▶ What is being asked
Once the line containing "Mexen Pablo lava-louça" is found in the entries below, restate it and each following line word for word, stopping after the line containing "Continuano gli appuntamenti".

▶ Material provided
* * *

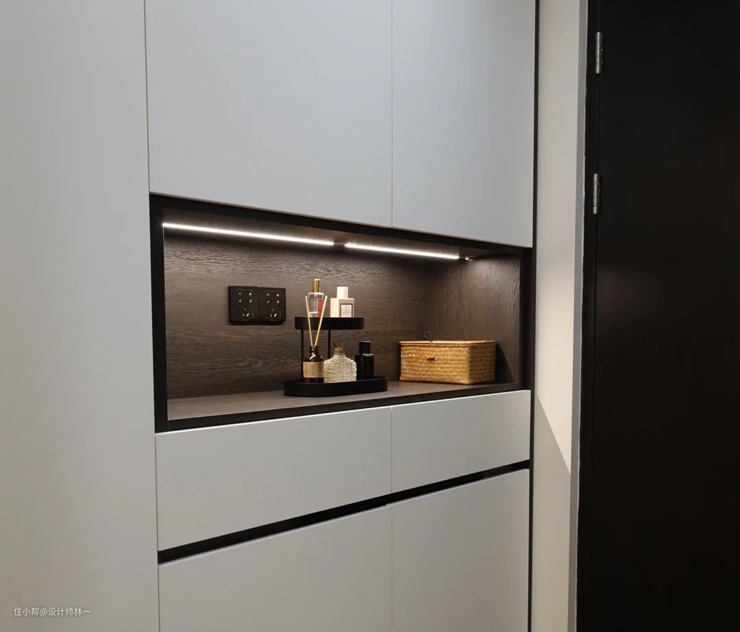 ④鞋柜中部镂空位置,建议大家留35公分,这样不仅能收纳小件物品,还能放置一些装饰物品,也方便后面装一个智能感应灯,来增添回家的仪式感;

* * *

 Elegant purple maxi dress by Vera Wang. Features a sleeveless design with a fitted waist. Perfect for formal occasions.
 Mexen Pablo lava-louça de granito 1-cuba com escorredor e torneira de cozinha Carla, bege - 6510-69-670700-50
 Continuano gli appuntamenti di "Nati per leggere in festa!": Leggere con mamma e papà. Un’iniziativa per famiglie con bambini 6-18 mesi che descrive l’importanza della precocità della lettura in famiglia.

* * *

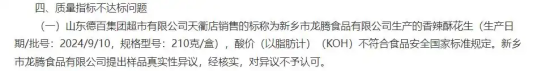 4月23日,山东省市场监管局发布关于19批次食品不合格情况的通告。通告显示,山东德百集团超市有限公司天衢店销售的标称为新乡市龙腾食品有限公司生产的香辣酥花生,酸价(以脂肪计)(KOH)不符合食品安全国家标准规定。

* * *

▶ Exercise response
 Mexen Pablo lava-louça de granito 1-cuba com escorredor e torneira de cozinha Carla, bege - 6510-69-670700-50
 Continuano gli appuntamenti di "Nati per leggere in festa!": Leggere con mamma e papà. Un’iniziativa per famiglie con bambini 6-18 mesi che descrive l’importanza della precocità della lettura in famiglia.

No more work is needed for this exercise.